John Wells, Emeritus Professor of Phonetics at University College London wants us to adopt “freed up” spelling; he proposes turning “give” into “giv”, “river” into “rivver” and embracing Americanisms.

I tell you: theyre/their/there will be no stopping this.

Share You've Been Bongo'd!

September 3rd, 2009 |

Now that’s a relief! Phew!

Here’s me thinking that a magician had performed the ultimate trick… coming back from the dead.

I overheard a conversation today whereby the subject was Ali Bongo, well known magician of stage, screen and Magic Circle, and how he had won an election in Gabon. Then I though… hang on, he died in March. Good trick.

Nope. Wrong Ali Bongo. This one is Ali Ben Bongo who has taken over from his father, Omar, who brought stability during nearly 42 years of rule but faced accusations he used petrodollars to enrich family and friends. Now here’s a surprise… they reckon the election was rigged - or maybe it was just magic?

pair of bongos

Share Got A Spare Watt?

September 1st, 2009 |

lightbulb

If you have a spare room in your house then it is probably: a) a junk room; b) there for when in/outlaws appear; c) what you call ‘the office’. I’m thinking of turning mine into an eco-store of sorts. Meaning that I shall start to stock it with candles - not the paraffin wax kind as they are bad for your health - and smokeless or permitted fuel for my open fire in the front room. All this in preparation for 2017 when ‘The “energy unserved” level reaches 3000 megawatt hours per year. That is the equivalent of the whole of the Nottingham area being without electricity for a day.’

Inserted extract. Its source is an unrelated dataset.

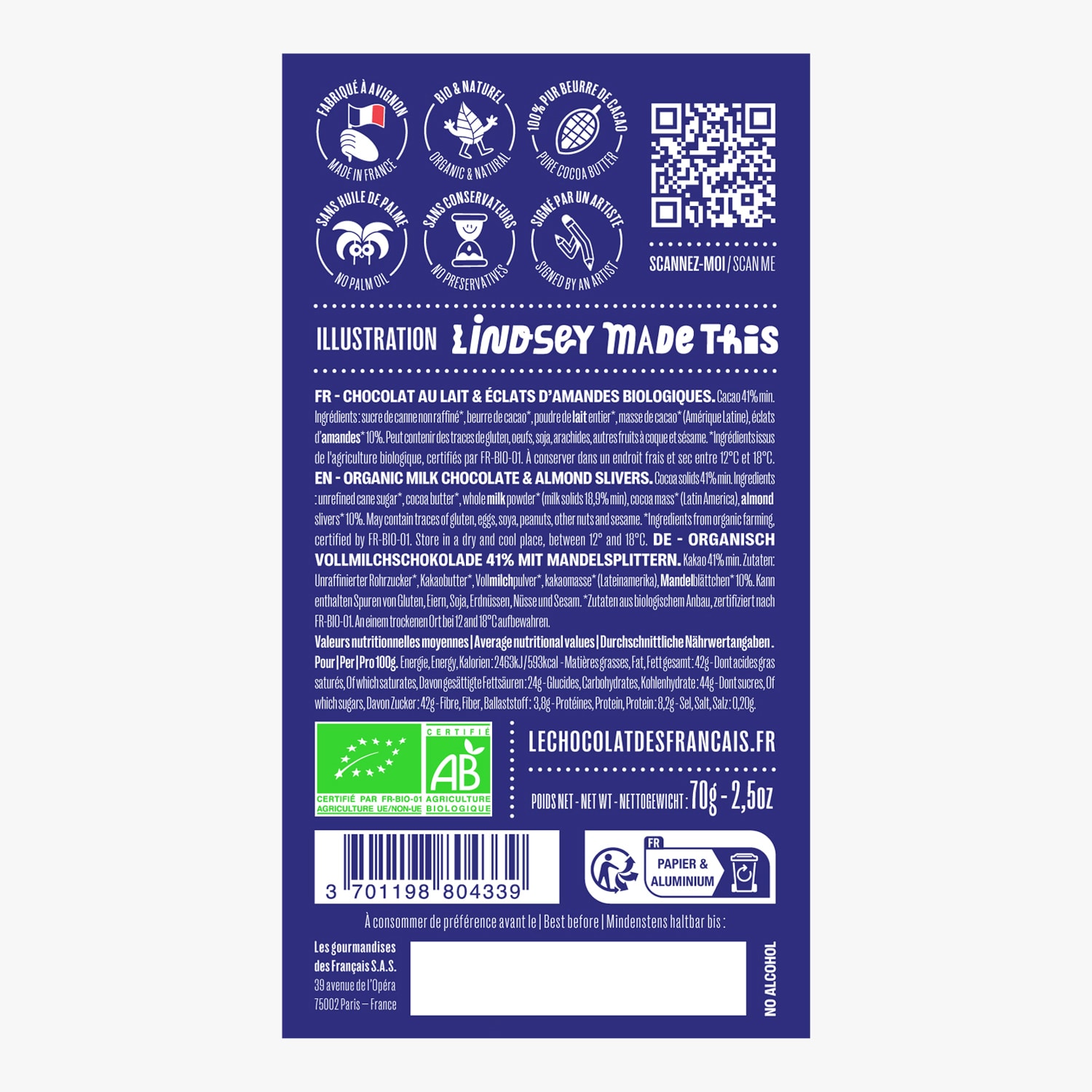 Chocolat au lait 41 % cacao min et éclats d'amandes

Mind you I, like several others, are already doing our bit to conserve power. I have installed the free bulbs that make the room darker when you switch them on, turned down the washing machine to 30 degrees and the central heating has not been on since Easter (I keep a pile of thick jumpers beside the switch just in case I’m tempted). Boris Johnson is turning off traffic lights.

Meanwhile I see that Defra are to, possibly, set up the ‘Lightbulb Police’ because of pressure from Brussels.

So get set for 2017 being a return to 1974 - power rationed with scheduled blackouts; a return to paraffin lamps and wood fires; cartons of dripping with string in the middle as a makeshift candle; a three day week; wearing your coat in the house and lining the living room with tin foil.

Or you could just stop charging up/playing with your iPod, mobile phone, Wii, flatscreen TV, having the fridge on ‘ice-age’ setting and turn things off instead of leaving them on stand-by.

You have been warned, so don’t come crying to me when you haven’t got a kWh.